В Сарском Селе покамест нет ни бунтов, ни холеры; русские журналы до нас не доходят, иностранные получаем, и жизнь у нас очень сносная. <…>
Пушкин — П. А. Вяземскому.
3 августа 1831. Из Царского Села в Москву.
Посылаю тебе с Гоголем сказки моего друга Ив. П. Белкина; отдай их в простую цензуру, да и приступим к изданию. Предисловие пришлю после. Правила, коими будем руководствоваться при издании, следующие:
1) Как можно более оставлять белых мест, и как можно шире расставлять строки.
2) На странице помещать не более 18-ти строк.
3) Имена печатать полные, напр. Иван Иванович Иванов, а не И. Ив. Ив-ъ. То же и об городах и деревнях.
4) Числа (кроме годов) печатать буквами.
5) В сказке «Смотритель» назвать гусара Минским, и сим именем заменить везде * * *.
6) Смирдину шепнуть мое имя, с тем, чтоб он перешепнул покупателям.
7) С почтеннейшей публики брать по 7-ми рублей, вместо 10-ти — ибо нынче времена тяжелые, рекрутский набор и карантины.
Думаю, что публика будет беспрекословно платить сей умеренный оброк и не принудит меня употреблять строгие меры.
Главное: будем живы и здоровы… Прощай, мой ангел.
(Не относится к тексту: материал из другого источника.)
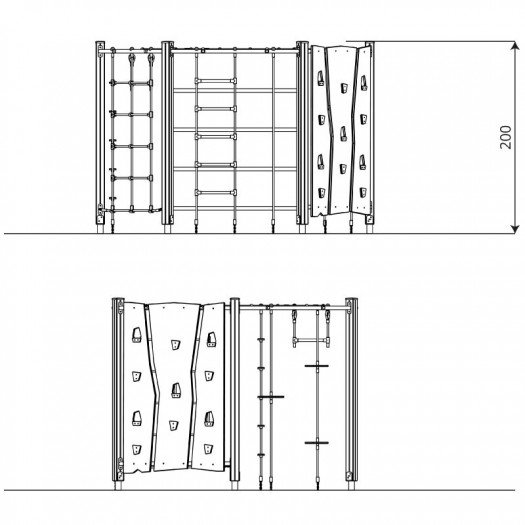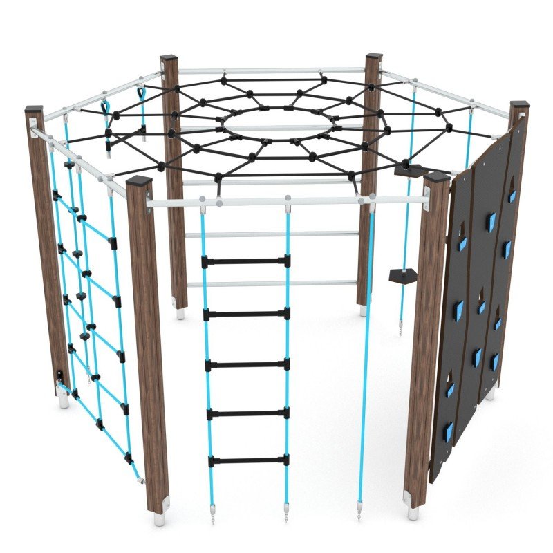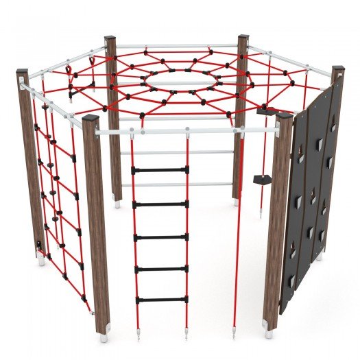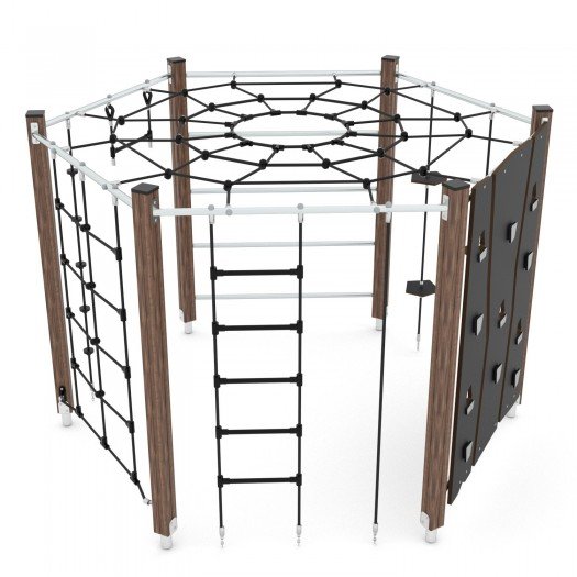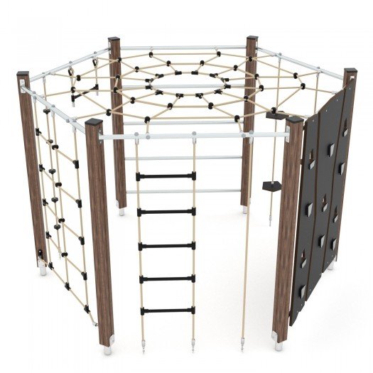 Aukštos kokybės laminuota ir impregnuota medinė konstrukcija su su cinkuotomis metalinėmis kojomis, apsaugančiomis nuo puvimo. Tinka viešosioms žaidimų aikštelėms. Skirta vaikams nuo 3 iki 14 metų. Užtikrintas saugumas, nėra aštrių briaunų ar pavojingų angų, apsaugota nuo pirštų įstrigimo. Montavimas ant lygaus paviršiaus, 80/70/60 cm gylyje. Sertifikuota pagal saugumo standartą EN 1176-1:2017+A1:2023. Suteikiama garantija pagal medžiagų ir komponentų tipą.

P. S. Эпиграфы печатать перед самым началом сказки, а заглавия сказок на особенном листе (ради ширины). Кстати об эпиграфах. К «Выстрелу» надобно будет приискать другой, именно в «Романе в семи письмах» А. Бестужева в «Полярной звезде»: У меня оставался один выстрел, я поклялся etc. Справься, душа моя.
Пушкин — П. А. Плетневу.
Около (не позднее) 15 августа 1831.
Из Царского Села в Петербург.
Повести Ивана Петровича Белкина из цензуры получены. Ни перемен, ни откидок не воспоследовало по милости Никиты Ивановича Бутырского. Чтобы приступить к печатанию, надобно от тебя через день же получить ответ, в котором бы ты разрешил меня в следующем:
1. Сколько экземпляров печатать: не довольно ли 1200?
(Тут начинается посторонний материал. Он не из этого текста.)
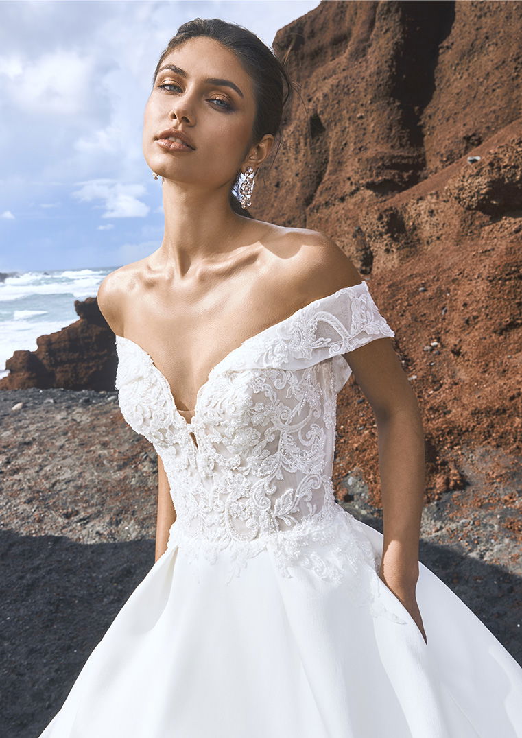 Die Basis des romantischen und luxuriösen Sissi-Looks ist ein üppiger Rock in der sogenannten Duchesse-Linie. Für eine schmale Taille ganz im Stil der schönen Kaiserin sorgen geschnürte Mieder, die an Sissis Korsetts erinnern. Dazu ein eleganter Carmen-Ausschnitt, der Schultern und Dekolleté der Braut stilvoll in Szene setzt. Schicke Verzierungen aus Perlen, Kristallen oder schimmernden Fäden verleihen den Sissi-Brautkleidern das gewisse Etwas.

2. Чтобы по 18 строк выходило на странице в 12-ю долю листа, то разрядка строк будет одинакова с «Евгением Онегиным»: аппробуешь ли ее? а иначе (т. е. в один шпон, а не в два) выйдет по 22 строчки на странице.
3. Я взял эпиграф к «Выстрелу» из «Романа в 7 письмах»; вот как он стоит в подлиннике:
«Мы близились с двадцати шагов; я шел твердо — ведь уже три пули просвистали мимо этой головы — я шел твердо, но без всякой мысли, без всякого намерения: скрытые во глубине души чувства совсем омрачили мой разум».
Согласен ли ты его так принять, и если да, то Баратынского слова: «Стрелялись мы» вычеркнуть ли из тетради?
4. Не задержишь ли ты издания присылкою «Предисловия» и уморительно-смешного эпиграфа?
5. Не подать ли нам благого примера в прозе молодым писателям и не продавать ли Белкина по 5 р. книжку? Нас это не разорит, а добрый пример глубоко пустит корни. Я и кн. Вяземскому присоветовал продавать «Адольфа» по 5 р.
Впрочем, буди во всем твоя святая воля. Долго ли еще проживешь ты в Царском? Поклонись от меня всем.
Не пропусти в ответе своем ни одного из моих вопросов.
П. А. Плетнев — Пушкину.
5 сентября 1831. Из Петербурга в Царское Село.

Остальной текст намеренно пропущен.